瓊(ところ)脂(てん)が食用になった理由

こいわゆる「テングサ」からagar-agarあるいは瓊(ジュ)脂(シー)(トコロテン)を作って食用にしたのは千~千二百年前のこととも言われています。先に記したように心太の主成分は植物性多糖類で、人間はこの多糖類を分解する酵素をもっていません。したがって、いくら食べても栄養にはならず、せいぜい緩下剤ぐらいにしかならないと考えられてきました。最近、寒天が生体に及ぼす影響について研究され始めたものの、この栄養価のない心太がなぜ食用になったか疑問の残るところです。

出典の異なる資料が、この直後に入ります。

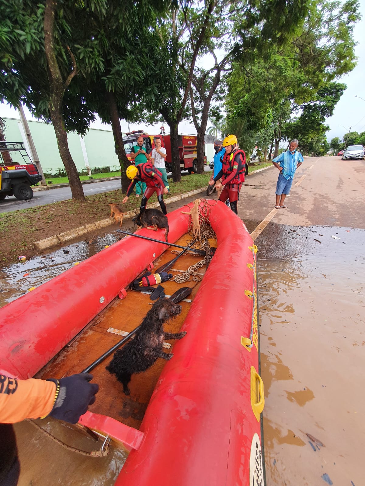 Segundo a corporação, a cheia alagou um viveiro da Prefeitura de Goiânia, onde estavam os animais e alguns trabalhadores, que conseguiram sair e acionar o resgate dos cães. Os militares utilizaram embarcações para que os animais pudessem ser encaminhados para local seguro. Eles foram entregues aos proprietários sem ferimentos.

 寒天が重用される理由は、無味無臭で、さまざまな水溶液に溶けて、しかも他の溶解物に影響を与えないことと、熱水に溶けて冷却によってゲル化し、地上の大気温では再び溶けず、さらに高温まで加熱しないと溶けないという物性にあります。つまり、食品などを包埋したり、液汁に溶かしてゲル化させると、地上の通常の気温の範囲では再び溶けることはなく、しかも保水性に優れているため、液汁を含んだ固形を保つことができます。また、病原細菌の多くはagaraseと呼ばれる寒天を分解する酵素をもっていないため、食品や液汁を包埋しゲル化した寒天に病原細菌が付着したとしてもその表面で増殖するだけで、内部にまで侵入することは少ないと考えることができます。

 寛永の頃(1624年~1644年)の料理本に、「鯉ノ凝(煮凝り)ニ 夏ハ 心太ノ草ヲ加ヘヨシ」とあるそうです。つまり、鯉の煮凝りは動物性のゼラチンが固まったもので、冷蔵技術の普及していない時代には冬の料理であったと思われます。前述のように、ゼラチンというのは、低温でなければゲル化しないもので、三十数度になれば溶けだしてしまいます。ところが、心太という植物性多糖類は一旦ゲル化すると80~100℃に熱さないと溶けないので、心太を加えて作った煮凝りは、少々気温が高くなっても溶けることはありません。その性質を利用して、夏でも煮凝りの食感を味わおうと心太を加えて料理したのでしょう。液状の栄養分を固形化することによって食しやすくし、さらに満腹感を得ることができます。また、口に含むと清涼感があることも心太が食用に供された理由かもしれません。
 多くの食品もそうであるが、最初にagar-agarあるいは瓊(ジュ)脂(シー)を食した人の智恵と勇気に敬意を表したいものです。